Lab Session 4: Modularization, Environments, Binder#

Friday 02-17-2023, 9AM-11AM & 12AM-2PM

Instructor: Facundo Sapienza

Inside the notebook Erasthostenes.ipynb (located in this same folder in the site repository) there is a non-very well written piece of code for calculating all prime numbers until a certain number. We are going to work with the contents of this notebook and re-organize it so it looks like a decent project: better code, better documentation, and more reproducible.

Useful links:

1. Modularization#

First things first: be sure you can run all the code inside Eratosthenes.ipynb. After being sure the code runs, we are going to start with some re-organization of the code inside Eratosthenes.ipynb.

eratosthenes

1.1. Reorganization#

  1. The first thing you will do is to create two separate functions for the sieve of Eratosthenes algorithms. These are the first things you will see inside the notebook. Think what are the arguments for such functions.

  2. Now, these two functions do the same but they have different implementations. Most likely, they also have the same arguments and outputs. Create a new function get_primes that you call to run both methods.

  3. Move these three functions to a separate script called sieve.py. Remember to import the necessary libraries inside sieve.py.

  4. Import all this function into the notebook using the import statement in the first cell of the notebook.

Warning

For now, every time you make a change in sieve.py and a consequent import inside the notebook, you will have to restart the kernel first. This is because once imported, the iPython kernel reads that the script has been already loaded and it doesn’t look for differences in the new file. In general, it’s a good practice to restart your kernel once the counter starts increasing and after doing significant reorganization changes in the notebook, like we are doing here.

  1. In the section Long Run: proportion of prime numbers there is a long run of exactly the same code than before but inside a for loop, so we can evaluate the proportion of prime numbers as we increase the search window. Make a new function called proportion_primes that does this.

  2. You function look good, but now let’s add some documentation to them. Add a docstring to them. How can you access the docstrings from the notebook?

  3. Be sure you can run these functions from the notebook after you move the code to the scripts (no remains in the notebook) and after you have restarted your kernel.

1.2. Modules#

  1. Now, after you know the previous import statement are working, move to sieve.py to a new folder called sievetools.

  2. Inside the folder, create an __init__.py file with the required contents so you can do the import from the notebook. Now, you should be able to do the import in the notebook by doing

from sievetools import sieve

Tip

Now that you have a proper module, you can import the scripts using the import imp; imp.reload("sieve.py") in case you want the changes to be reflected after the import.

  1. Each one of the files inside sievetools is called a module. Now, continue your cleaning of Eratosthenes.ipynb by moving all the plotting code required to a new module called plots. Update __init__.py to make the imports of this new module. By the end of the day, you should be able to generate the plots from the notebook using something like

plot_sieve(.... , log_scale=True)
  1. [Extra] You can continue and do something similar for the code in the section Performance.

2. Migrate to GitHub#

Let’s now create a project containing the previous piece of code and let’s version control it!

  1. Create a new public repository called eratosthenes where you will include all the contents for the Eratosthenes project you created before. You can create your repository first in local and then push it to GitHub or directly created in GitHub and then push your changes there. Also, you can create the repository in your personal GitHub account or also in the UCB-stat-159-s23 GitHub site, in which case please we ask you to add your username/teamname in front of the repository name (eg, facusapienza21-eratosthenes).

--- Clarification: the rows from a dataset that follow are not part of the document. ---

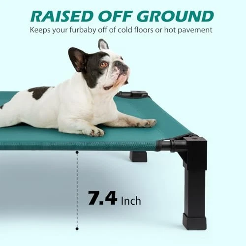 30 Days Return Policy Fast Delivery Trusted seller Elevated Dog Bed, Cooling Raised Pet Cot with Chew Proof Washable Breathable Mesh and Metal Frame, Portable Dog Cot Bed with No-Slip Feet for Outdoor or Indoor Use Product Description Stay Cool and Dry: The dog bed elevates pets more than 8.4 inches off the ground, which allows air to circulate underneath and provides a cooling environment for your pets. Raised dog cot is great for keeping your pet warm in the cooler months and cooler in the warmer months both indoors and outdoors. Premium Fabric Materials: The Textilene dog bed mat allows air to flow, is sturdy and breathable. Taut and springy fabric provides supportive sleep for dogs. Pet hair, dirt, grime won't stick to the tight mesh, simply hose off with water, or wipe down with a wet towel and allow to dry. Sturdy Steel Construction: Powder-coated steel frame is rust-resistant and built to withstand harsh outdoor conditions, it can support the weight of your large-sized dog. Designed for quick removal and installation, make the bed portable and perfect for indoor, outdoor, picnic, camping, training. Enlarged Rubber Feet Pads: The non-slip rubber feet protect floors from scratches and keep the pet bed from sliding when your dog jumps on or off. The non-slip feet provide extra stability during movement, making this ultra-comfortable bed ideal for use on a variety of surfaces. Easy to Install: The cooling dog cot can be installed without the use of any tools, screws and can be installed directly with the plastic connector. It only takes a few minutes of your time, and presto. It's up and ready for your pet to enjoy in. Perfect for any indoor space or outdoor adventure. Shipping Returns Payment Shipping Shipping is FREE to all addresses other than APO/PO boxes in the lower 48 states. All our stock ships from US-based warehouses. Shipped via USPS or UPS (depending on location and package weight) Unless stated otherwise, all orders will ship within 24-72 hours of your payment being processed. Check our feedback to see the great reviews of FAST shipping we offer. Returns As our valued customer, we will do our best to make sure the product you receive arrives to you on time and as expected. If you are not satisfied with your purchase, please contact us within 30 days of receiving your order to process a return. Payment We currently accept payment via eBay managed payments only. Once payment is cleared, we will dispatch your shipment within 1-3 business days. Please refer to the "Shipping" tab for more information regarding shipping speed to your destination.
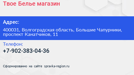 Твое Белье, магазин по адресу 400031, Волгоградская область, Большие Чапурники, проспект Канатчиков, 11 в дальнейшем Организация, размещена в следующих категориях:
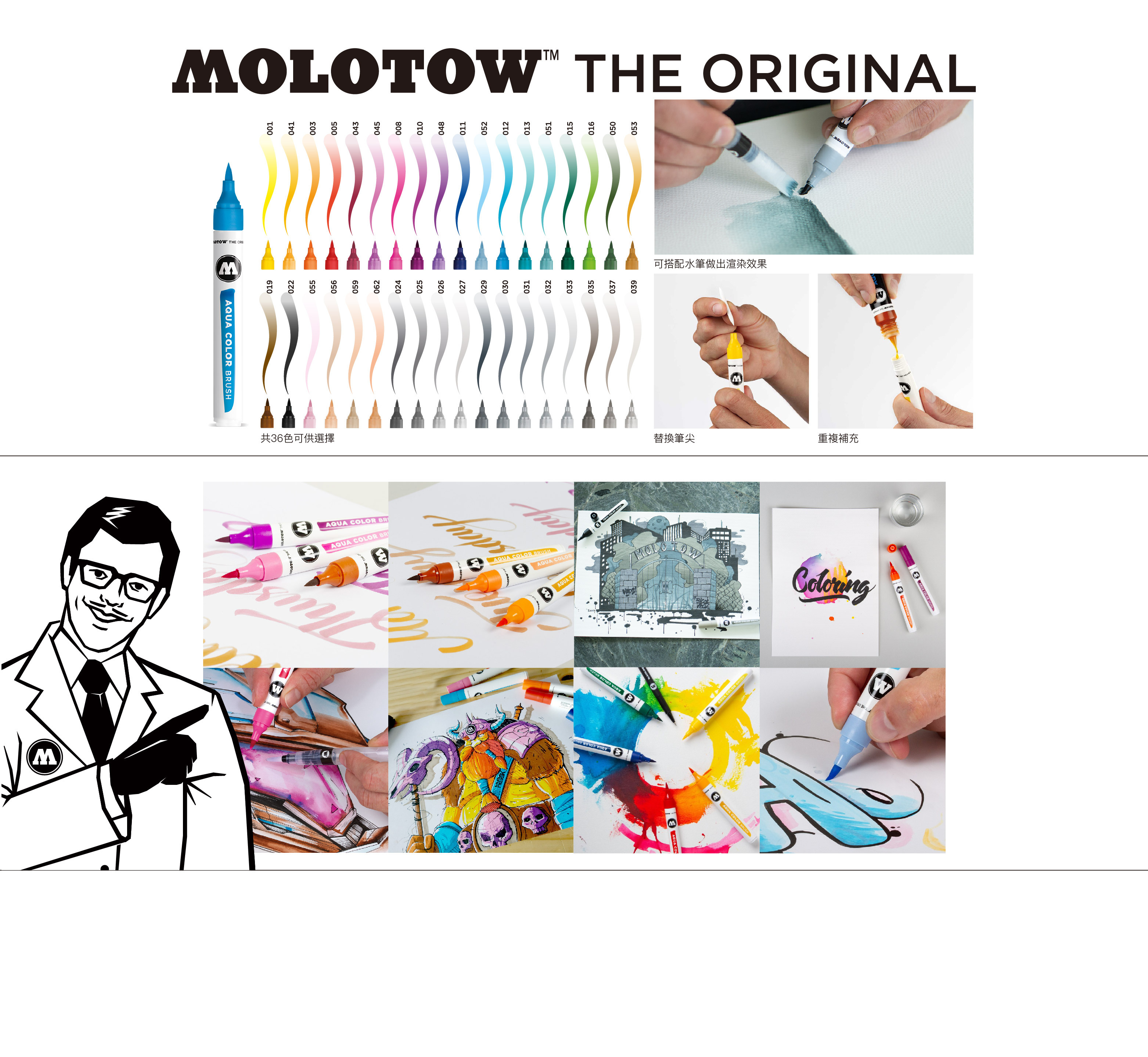水性軟尖麥克筆為棉芯系統,專為混合個人喜好色調而開發,而墨水使用了食品著色劑,對兒童是安全的,並且可再重複補充。水性軟尖麥克筆附有色彩濃郁的墨水和穩定的彈性筆尖,它是著色、手繪、塗鴉甚至是書法創作的理想選擇,由於易於操作,也非常適合初學者和學生使用。

  2. Add a README.md file in the repository with a minimal explanation about the project.

3. Environmnets#

In this section we are going to create a conda environment for this project. Two very useful resources for this section are

  • Lecture notes on environments: Here is the information about what a conda environmnt is and how to manage them. Please take some time to go though it becuase you will need it!

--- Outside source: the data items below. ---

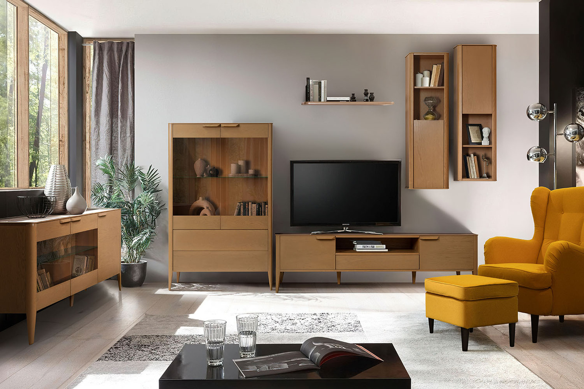 🔸 Презентабельность: текстура дуба остаётся ведущим акцентом — она хорошо читается, подчёркивает статус мебели и превращает каждый элемент в самостоятельный декоративный объект.
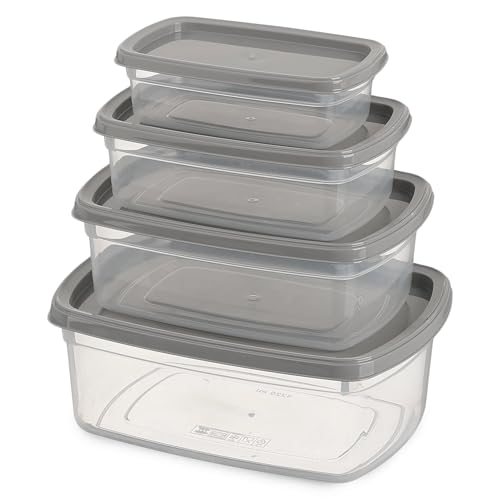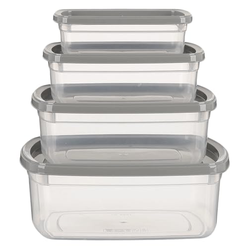 Generic - حاويات تخزين الطعام مع اغطية رمادية، بلاستيك شفاف، قابلة للتكديس، مجموعة من 4 قطع
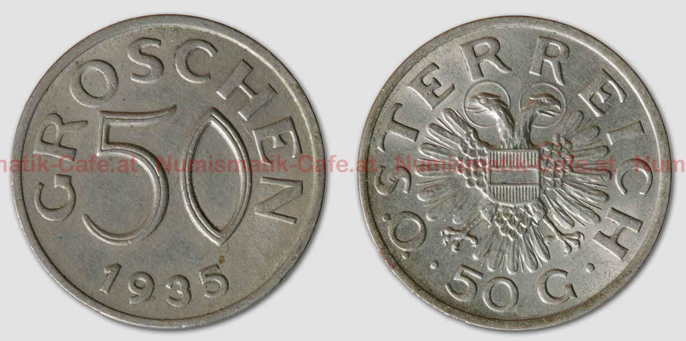 | Bildbeschreibung: | 50 Groschen, 1935 K-N, 24mm, 5,48g VS: Wertangabe, Jahreszahl (Design: Michael Povolny) RS: Wappen des Bundesstaates, Landesname (Design: Gudrun Baudisch) S#54 ANK#16 KM#2854 |
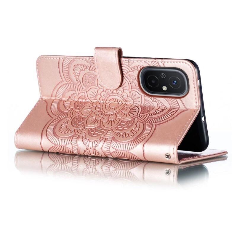 Για Xiaomi Redmi 12C Sun Mandala ανάγλυφο μοτίβο τηλέφωνο δερμάτινη θήκη (Rose Gold)
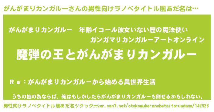 | 意味不明あだ名 | 『住所不定無職がんがまりカンガルー(59歳)』 |
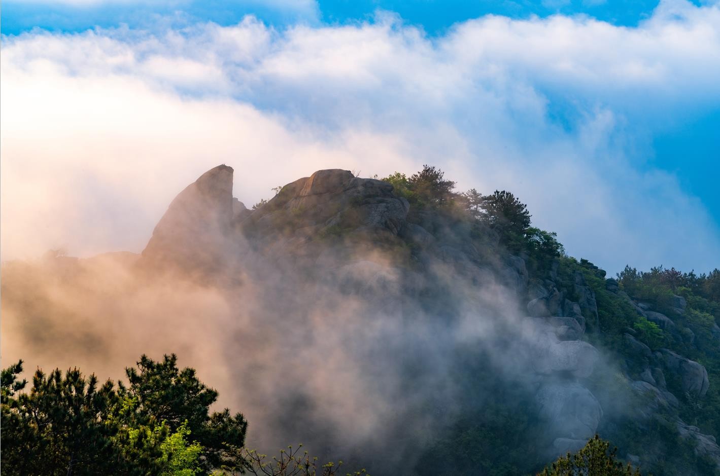 清晨,奇石、怪松沐浴晨曦,庄严静谧;雨后,它们掩映于氤氲云海,与清脆鸟鸣、潺潺溪流相映成趣,让人恍如仙境,美不胜收。(聂建武/文 韩家东/图)
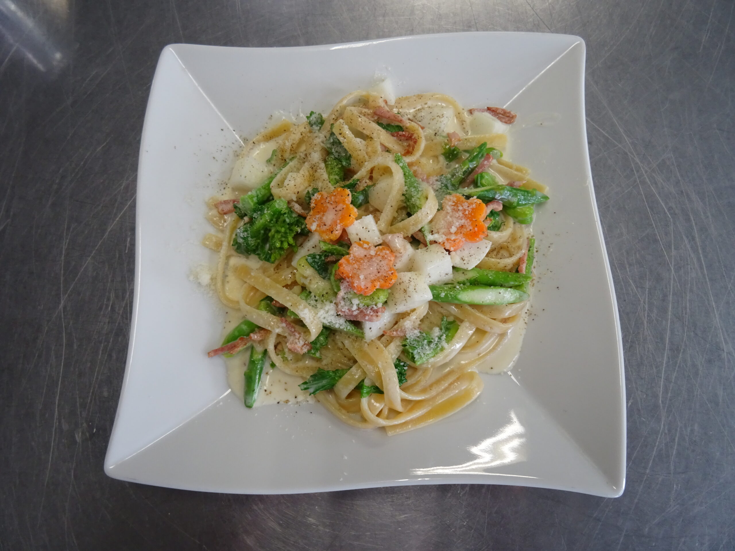 2月20日(金)普通科調理実習(春野菜のクリームパスタ)を実施しました。ブイヨンと生クリームから作るソースは、普段のレトルトとは全然違いました。野菜の下準備、ソース作り、麺をゆでて、完成まであっという間でした。パスタは […]

  • Managing environments: The conda documentation about operations on environments is very complete.

conda

image taken from Python Virtual Environments: A Primer

3.1. Create environment for a project#

There are different ways how you can create a new conda environment. For reproducibility, the best practice is to share an environment.yml file that includes all the required packages and then create the environment from it. In order to start with this, we are going to start by creating a fresh environment that then we are going to export and share.

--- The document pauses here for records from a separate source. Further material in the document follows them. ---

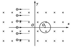 2、计算题 如图所示,xOy坐标系内有匀强磁场,磁感应强度为B,方向垂直纸面向里,x<0区域内有匀强电场(图中未画出),y轴为电场右边界.磁场中放置一半径为R的圆柱形圆筒,圆心O1的坐标为(2R,0),圆筒轴线与磁场平行,现有范围足够大的平行电子束以速度v0从很远处垂直于y轴沿x轴正方向做匀速直线运动射入磁场区,已知电子质量为m,电荷量为e,不考虑打到圆筒表面的电子对射入磁场的电子的影响.
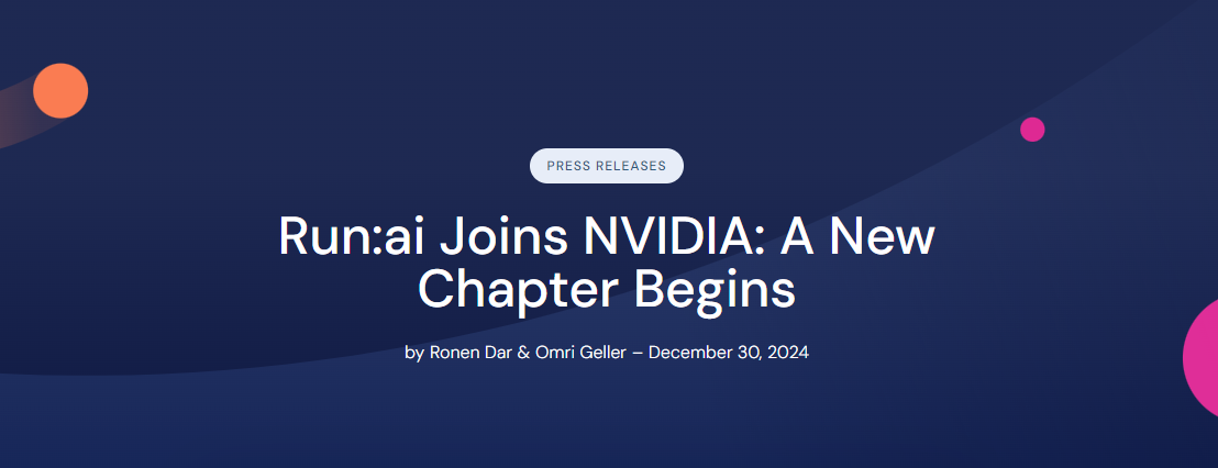 12 月 30 日,芯片巨头英伟达终于完成了对以色列 AI 初创公司 Run:ai 的收购,因为欧盟委员会本月 20 日无条件批准了英伟达斥资 7 亿美元的收购计划,认为该交易不会引发欧洲经济区的竞争问题。
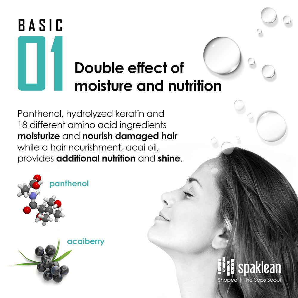 ☑ Panthenol, keratin terhidrolisis dan 18 jenis asid amino melembap dan menyuburkan rambut yang rosak
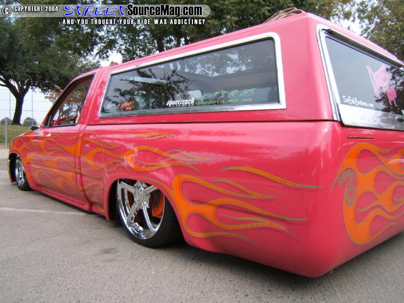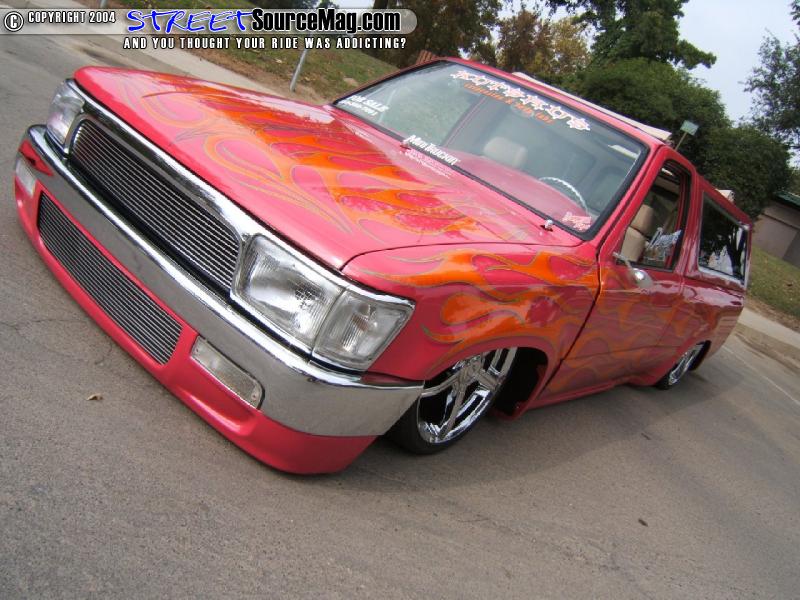 When Brent had completed the stance of the truck, it was then his duty to freshen up the exterior of the truck. He equipped it with a 4Runner front end consisting of grill, front bumper & valance, hood, and fenders. Then came out the welder, and Brent shaved the door handles, hood squirters, wiper cowl, mirrors, gas door, tailgate, and taillights.
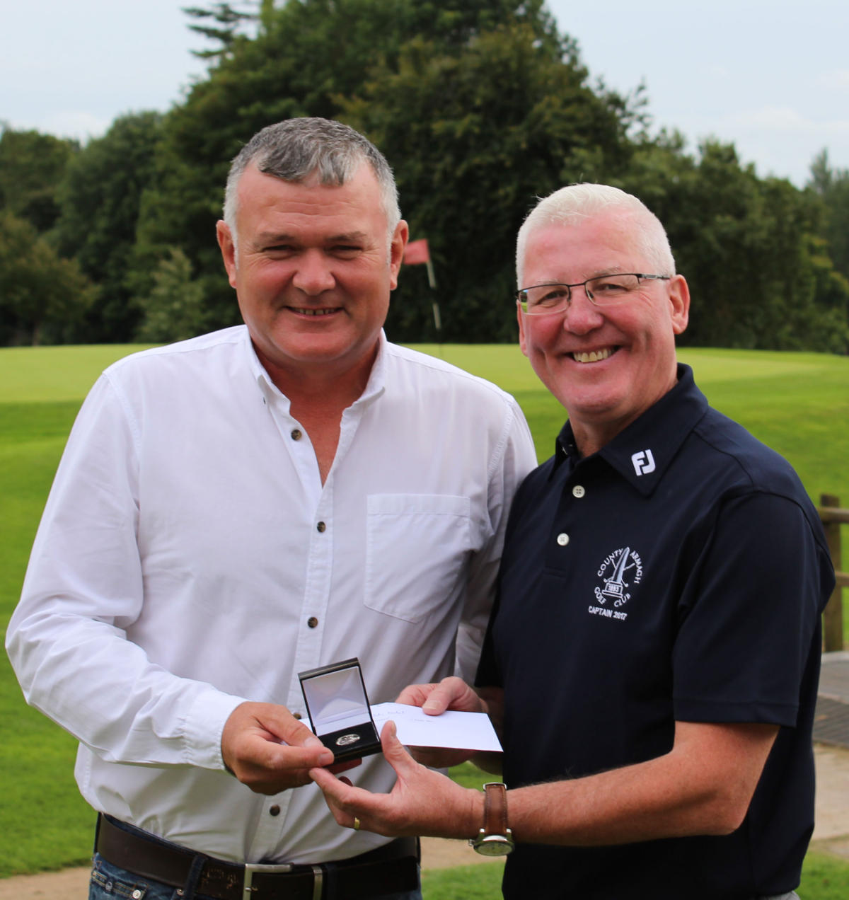 Sean Dougan, winner of the July Medal sponsored by Alexander Mills, is congratulated by County Armagh Golf Club Captain Richard Stewart.

  1. First that all, create a new folder in your home directory called envs. You can do this from the terminal

mkdir envs
  1. Now, go to the .condarc file (hidden) in your home directory and be sure that it includes a list of envs_dirs with the locations where you are going to install the conda environments. The .condarc file should include something like this

envs_dirs:
  - ~/envs
  - ~/shared/envs 
  1. In the terminal, let’s create a new environment called test_env with an specific Python version. It may take a few seconds until it creates the new environment.

conda create -n <ENVIRONMENT NAME> python=3.9
  1. In the terminal, do conda env list to see the list of all the environments you have installed. Activate the new environment with conda activate <ENVIRONMENT NAME>.

  2. At this point, you can run code from this environment just from the terminal. Our next step is to make this environment available from the notebook. Take a look to the Using an environment in your notebooks. In order for this to work, first you need to install the ipykernel package. You can do this with the following command

mamba install ipykernel
  1. After doing this, you need to let Jupyter know that you want to use this environment’s kernel, by installing the environment’s ipykernel into Jupyter:

python -m ipykernel install --user --name <ENVIRONMENT NAME> --display-name "IPython - <NAME>"

After doing this, the environment should be visible from the notebook. Go to the upper right corner of your notebook and change the kernel. It may be necessary to restart your server in order to make this changes visible.

Note

What just happened? You have created a new virtual environment in your machine. Where is it? Go inside the envs folder and see what is there. This is where you conda environments live. If you delete this folders, the environment disappear.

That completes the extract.